Since French Connection II is totally concerned with following Popeye’s journey to hell and back, it almost becomes a Gene Hackman one-man-show. More so since this film does not have Roy Scheider’s “Cloudy” to partner him up. Hackman had most deservedly won the Best Actor Oscar for his fantastic performance in the first film, but he’s even better here. And I rate this performance on par with his performance in Francis Ford Coppola’s “The Conversation”- which I think is Hackman’s best performance. This performance has both the dynamism of the first French Connection and the meditativeness of “The Conversation.” Popeye is crude, arrogant, racist and socially inept, and he responds to any form of challenge with brutal violence. Hackman, who was a liberal in real life, hated this character, but he turned out to be best guy to embody this anti-hero. Obviously, Hackman is really good in those high voltage scenes, but he’s even better in the lengthy second act, where he’s drugged and later detoxed. These are some of the ugliest, raw and brutal scenes ever put into a mainstream action film, and it’s guaranteed to exhaust and turn off a lay viewer, but it does offer Hackman a platform to give a bravura acting performance: a seven-minute monologue that Hackman’s Popeye delivers in front of Fresson’s Barthélémy during which Popeye tries to explain his interest in baseball and its arcane culture, including his early encounter with the legendary Mickey Mantle, to the bewildered French policeman is a tour de force of screen acting. The scene is both exceedingly funny and chilling, as Popeye tries to demonstrate baseball moves with chicken drumstick and orange to a man who has no idea about the game. Another great scene is where Popeye’s alternatively aggressive and controlled while demanding a Hershey’s bar. It’s a pity that Hackman missed out on an Oscar nomination for this film. The film may have its faults, but Hackman is simply flawless. Fernando Rey is also back as the smooth, dapper villain Charnier, who has an extraordinary ability to generate menace and ruthlessness with very subtle shifts in his expressions and body language. In this film, we see him for the ruthless bad guy that he is, as opposed to the first film where he was too much of a sophisticated gentleman.

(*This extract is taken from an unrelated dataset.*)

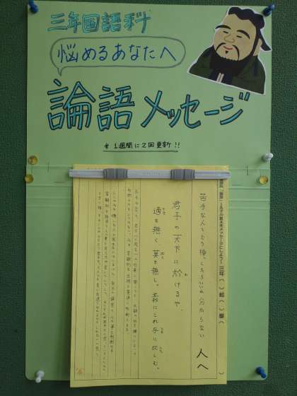 3年生の国語の単元「論語」について、各自で選んだ名言を

French Connection II came out four years after the first film, but it failed to duplicate the prequel’s success. Though the film recouped its investments and turned it in a small profit, the film was deemed a failure- to the extend that it has been completely forgotten and very few people even know that there was a sequel to “The French Connection.” Frankenheimer’s career did not get the boost that he had hoped for when he took up this film, and his career would continue to decline through the 80s and 90s. Frankenheimer and Hackman did not have a happy working relationship on this film. They were constantly at each other’s throats. Hackman was suffering from a knee injury at the time which was aggravated by all the stunts he had to do for the film- the pain and anguish he displays in the climax is genuine, and h he did it without using a body-double. There was talks of a third French Connection film in which Hackman was to paired with Richard Pryor, but that was abandoned due to the lukewarm reception to this film, as well as Hackman’s unwillingness to reprise the role.